Analysis & Prediction Of Dislikes On YouTube Data

14 min readApr 22, 2022

By, James Mete, Jenna Mekled, & Sashaank Sekar

Introduction:

Dislike counts on YouTube videos are a valuable signal for separating high-quality videos from low-quality videos or even potential scams. YouTube has recently removed the ability to see dislike count data publicly and has disabled dislike count data in their API. Our project seeks to understand the trends that influence dislike activity through analytical research and use those insights to generate a machine learning model to predict the quality of a YouTube video and explore ratios to help alert users to potentially problematic videos based on the available data and features.

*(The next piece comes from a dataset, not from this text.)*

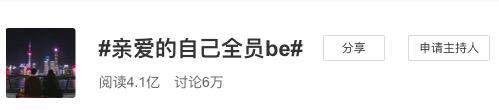 作为一部话题剧,它也被媒体誉为“住在热搜上”。虽然尚且没有精准统计其登上热搜的话题数量,但是李思雨、陈一鸣、王子鸣、张芝芝等无一不用事实证明了其话题号召力。目前剧集同名主话题#亲爱的自己#阅读量突破90亿,影响力不容小觑。除此之外,芒果TV作为独播网络平台也撬动了30亿播放量。
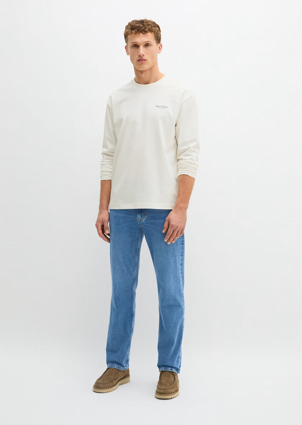 Pitkähihainen T-paita ryhdikästä laadukasta puuvillaa. Pyöreä pääntie resorineuloksella, suora helma ja hihansuut. Seläss kuva, rinnassa tekstilogo. 100% puuvilla, hienopesu 30 asteessa.

Data Acquisition & Processing:

Since YouTube has removed the ability to scrape or query dislike counts actively, we must rely on historical data to conduct our research. Luckily, extensive historical records have been kept by Archive.org. For this project, we will be leveraging “YouTube Metadata Collection (2019–02),” which consists of around 1.46 Billion JSON records related to YouTube metadata such as title, upload date, category, likes, dislikes, language, recommended videos, and other features, a complete list is available on the archive site linked. This archive is composed of around 5000 .tar files, each with about 146 .json.gz files inside them. We first ran our downloadtars.py file to download the archive tar files from Archive.org, and then ran combinejson.py to process the JSON files into 301 parquet files for easier IO processing. Finally, using our dataentry_from_parquet.py program, which will create .pickle files used to store paths that have already been processed, we were able to loop through the stored parquet files, perform some initial data cleaning and processing, arrange and rename columns in the same order/name as the PostgreSQL table schema expects, and then load the data into the database table. After downloading the first 25 files and every fifth file afterward, our data consisted of 80,910,144 videos.

Data processing steps performed at this step include:

Converting date columns to datetime format.
Converting dicts to json string objects that are suitable to be imported into PostgreSQL for a JSONB formatted column.
Calculates initial ratios including view_like_ratio, view_dislike_ratio, and like_dislike_ratio.
Drops INF and NaN rows for the like_dislike_ratio to reduce dataset size and potential errors later on. We mainly only care about videos that actually have dislikes.
Rename and Reorder columns to match database table schema.
Loads data into PostgreSQL using batch importing utilizing the pd.to_sql command with multi mode enabled and a chunksize of 10,000 as default.

Within our database, leveraging the “ANALYZE” command and creating an index for important columns, we optimized the database, shortening processing times from over 8 hours to a few minutes or even seconds, depending on the complexity of the SQL command.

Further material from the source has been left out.